Exercise data:
------------------------------

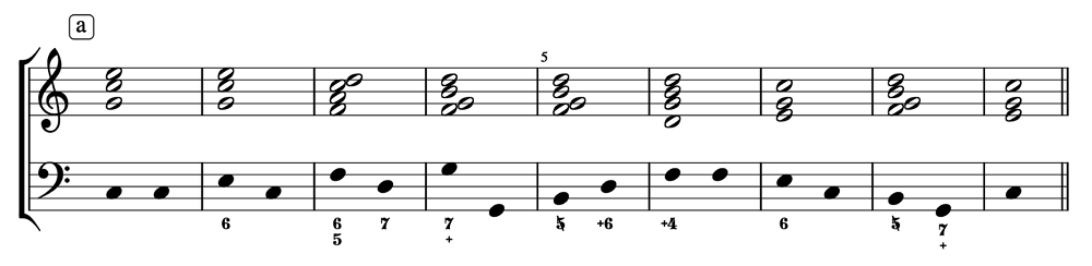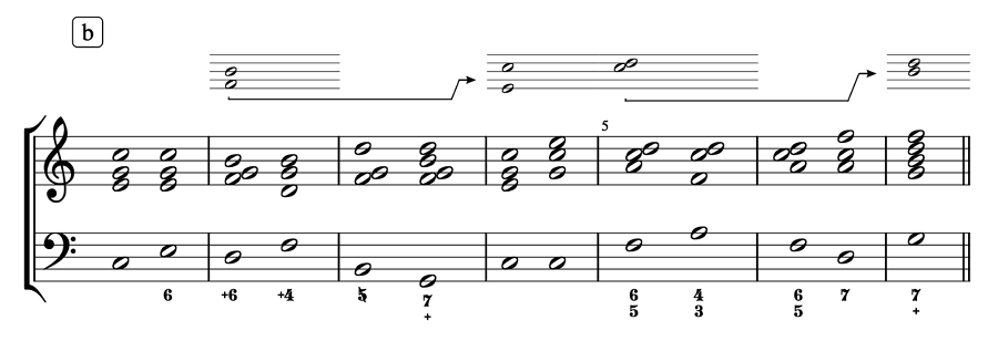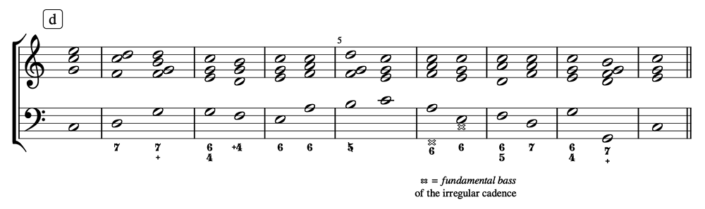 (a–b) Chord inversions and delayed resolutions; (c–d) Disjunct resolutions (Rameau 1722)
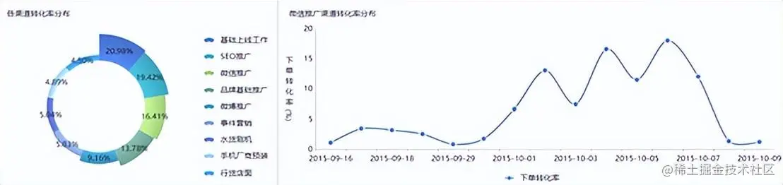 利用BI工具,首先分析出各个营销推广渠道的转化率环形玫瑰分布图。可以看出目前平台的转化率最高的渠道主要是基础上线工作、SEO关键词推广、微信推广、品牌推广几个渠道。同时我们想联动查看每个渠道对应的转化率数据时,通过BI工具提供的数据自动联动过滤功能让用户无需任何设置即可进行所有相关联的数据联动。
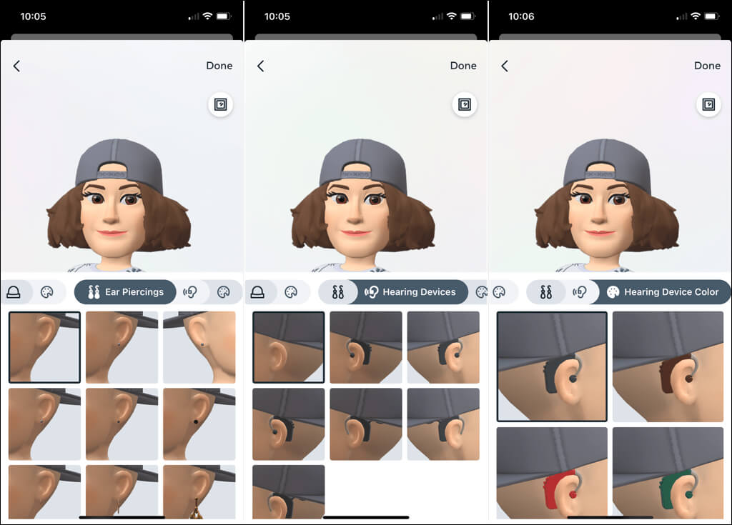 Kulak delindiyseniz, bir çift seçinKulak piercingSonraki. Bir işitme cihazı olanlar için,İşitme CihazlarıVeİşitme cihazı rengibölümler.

------------------------------

Your task:
Starting where a line contains "利用BI工具,首先分析出各个" and finishing at the last line above, set down every line exactly as it reads, with no pictures.

Exercise answer:
 利用BI工具,首先分析出各个营销推广渠道的转化率环形玫瑰分布图。可以看出目前平台的转化率最高的渠道主要是基础上线工作、SEO关键词推广、微信推广、品牌推广几个渠道。同时我们想联动查看每个渠道对应的转化率数据时,通过BI工具提供的数据自动联动过滤功能让用户无需任何设置即可进行所有相关联的数据联动。
 Kulak delindiyseniz, bir çift seçinKulak piercingSonraki. Bir işitme cihazı olanlar için,İşitme CihazlarıVeİşitme cihazı rengibölümler.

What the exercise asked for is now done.